Exercise inputs –
▬▬▬▬▬▬▬▬▬▬
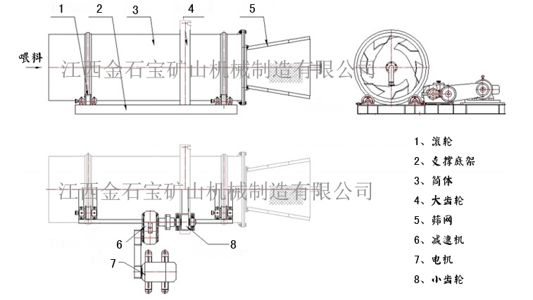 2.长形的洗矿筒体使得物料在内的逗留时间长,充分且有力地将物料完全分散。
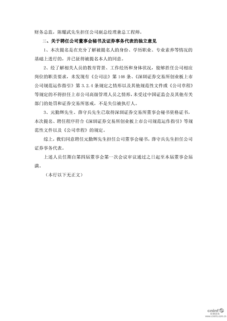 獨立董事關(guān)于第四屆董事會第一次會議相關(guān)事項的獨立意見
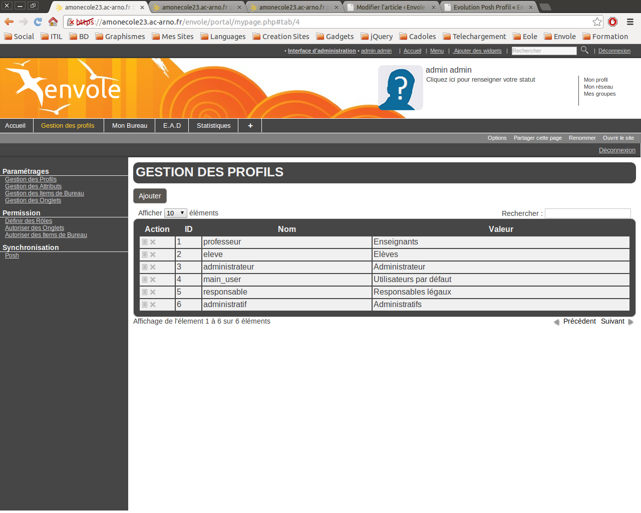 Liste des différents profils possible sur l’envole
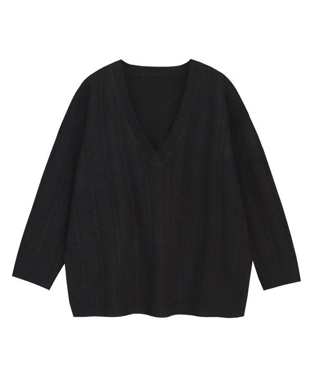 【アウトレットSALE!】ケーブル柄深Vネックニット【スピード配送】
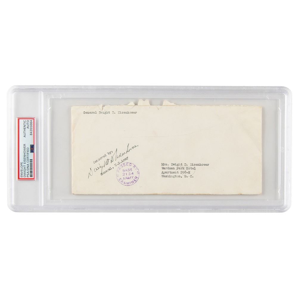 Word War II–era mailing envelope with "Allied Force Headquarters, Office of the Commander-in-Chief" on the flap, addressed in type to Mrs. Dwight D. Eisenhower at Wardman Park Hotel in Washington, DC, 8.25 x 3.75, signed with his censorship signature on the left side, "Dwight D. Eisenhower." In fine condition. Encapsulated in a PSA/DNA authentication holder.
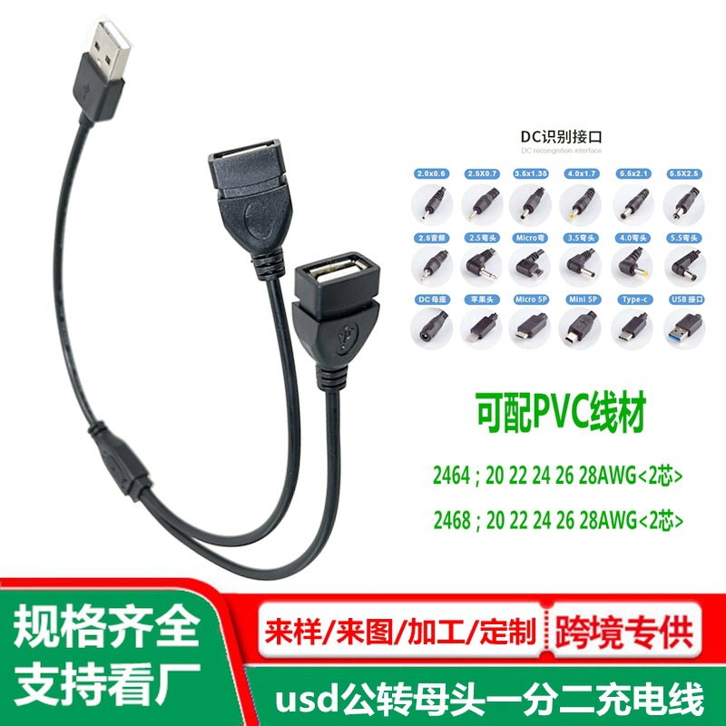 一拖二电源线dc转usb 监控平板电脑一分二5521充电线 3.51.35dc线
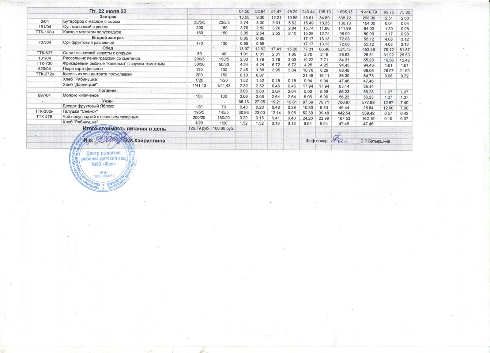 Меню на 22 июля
▬▬▬▬▬▬▬▬▬▬
Reproduce every record above exactly, but leave out the pictures.

Answer box –
 2.长形的洗矿筒体使得物料在内的逗留时间长,充分且有力地将物料完全分散。
 獨立董事關(guān)于第四屆董事會第一次會議相關(guān)事項的獨立意見
 Liste des différents profils possible sur l’envole
 【アウトレットSALE!】ケーブル柄深Vネックニット【スピード配送】
 Word War II–era mailing envelope with "Allied Force Headquarters, Office of the Commander-in-Chief" on the flap, addressed in type to Mrs. Dwight D. Eisenhower at Wardman Park Hotel in Washington, DC, 8.25 x 3.75, signed with his censorship signature on the left side, "Dwight D. Eisenhower." In fine condition. Encapsulated in a PSA/DNA authentication holder.
 一拖二电源线dc转usb 监控平板电脑一分二5521充电线 3.51.35dc线
 Меню на 22 июля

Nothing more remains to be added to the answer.